Make a verbatim copy of the records; pictures stay out.

[Records from a collection]
- - - -

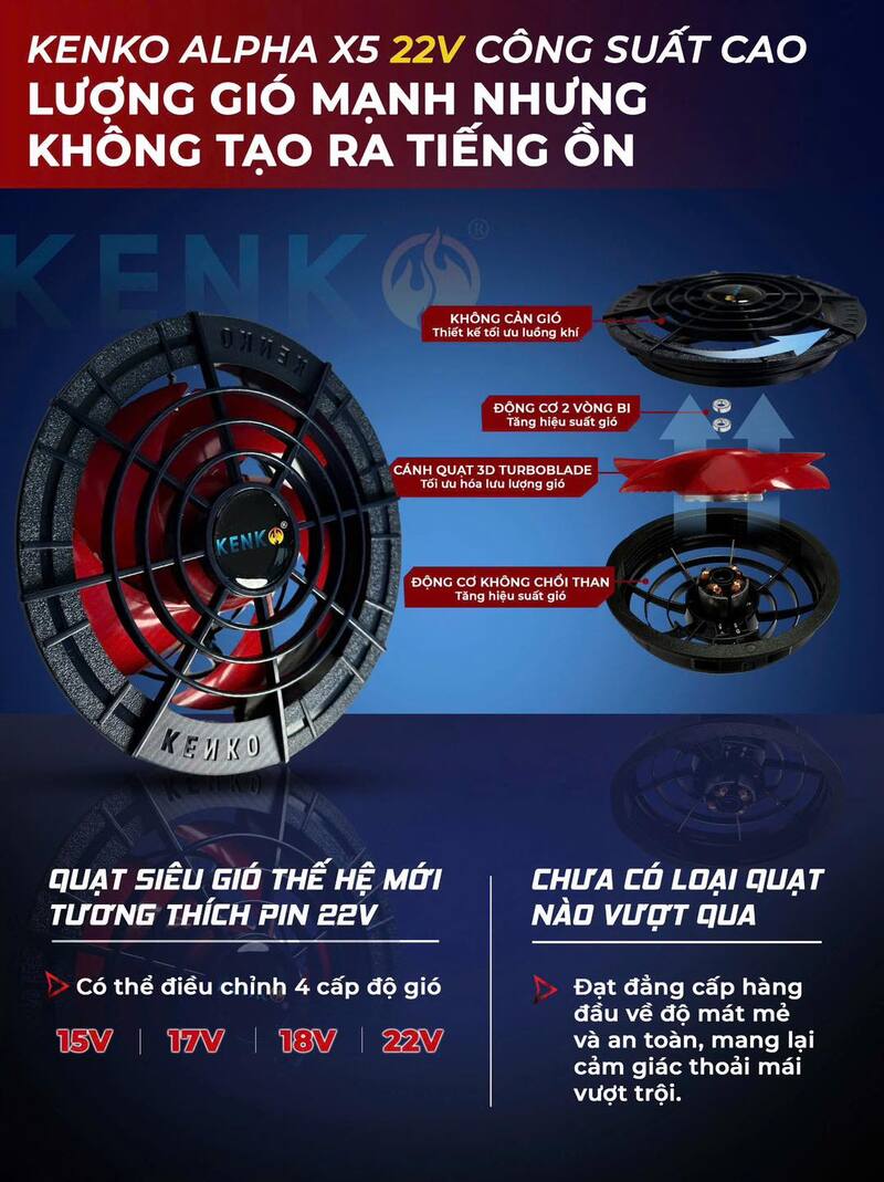 Quạt KENKO dùng cho hệ 22V: cân bằng nhất cho số đông
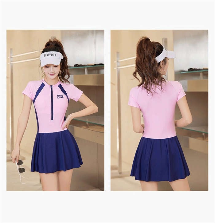 水着 レディース ワンピース 体型カバー 大きいサイズ かわいい おしゃれ 無地 フィットネス 半袖 ハイウエスト 露出控えめ スポーツウェア スカート オールインワン ママ水着 オトナ女子 フィット
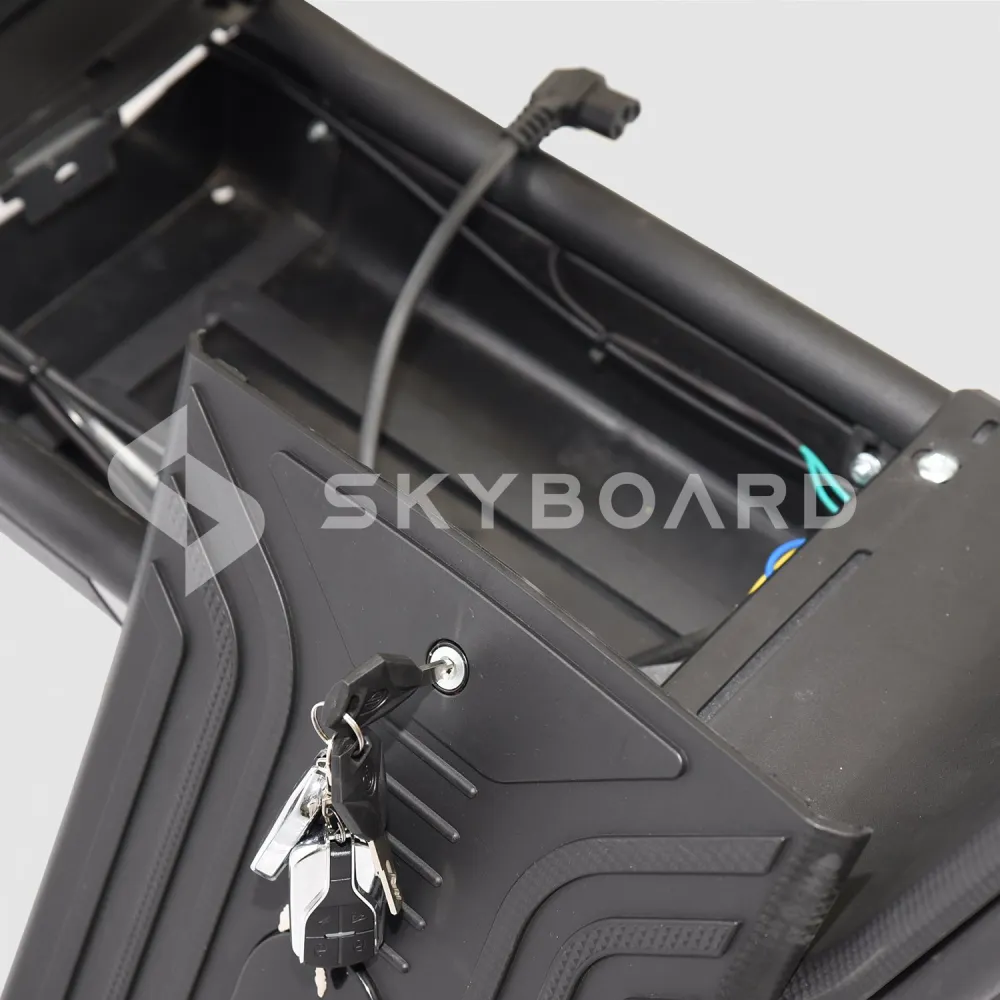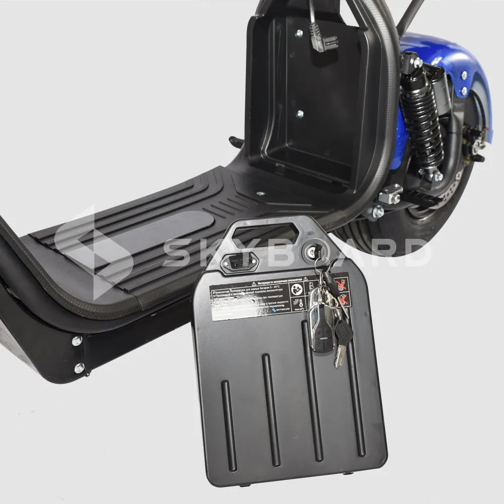 Встроенный аккумулятор 20А 60V заряжается от стандартной электросети через специальный кабель. При полностью заряженном аккумуляторе дальность беспрерывной поездки составляет порядка 45 км (при условии движения на максимальной скорости).
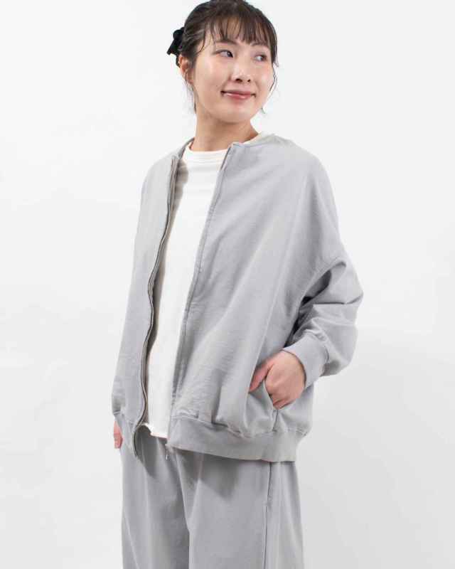 同素材のZIPブルゾンと合わせれば、統一感のある大人カジュアルなセットアップスタイルが完成。
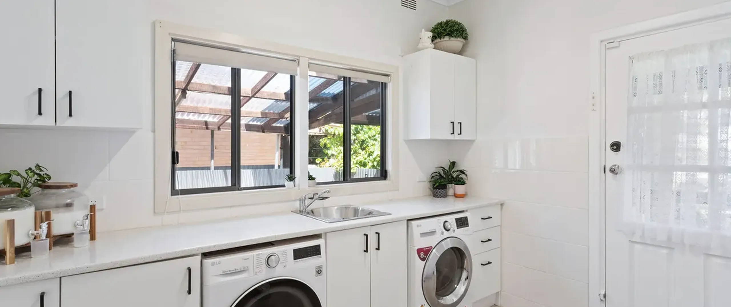 - Large light-filled laundry with built-in joinery and cupboards plus external access to the beautiful garden and undercover decking/verandah

- - - -

Answer section:
 Quạt KENKO dùng cho hệ 22V: cân bằng nhất cho số đông
 水着 レディース ワンピース 体型カバー 大きいサイズ かわいい おしゃれ 無地 フィットネス 半袖 ハイウエスト 露出控えめ スポーツウェア スカート オールインワン ママ水着 オトナ女子 フィット
 Встроенный аккумулятор 20А 60V заряжается от стандартной электросети через специальный кабель. При полностью заряженном аккумуляторе дальность беспрерывной поездки составляет порядка 45 км (при условии движения на максимальной скорости).
 同素材のZIPブルゾンと合わせれば、統一感のある大人カジュアルなセットアップスタイルが完成。
 - Large light-filled laundry with built-in joinery and cupboards plus external access to the beautiful garden and undercover decking/verandah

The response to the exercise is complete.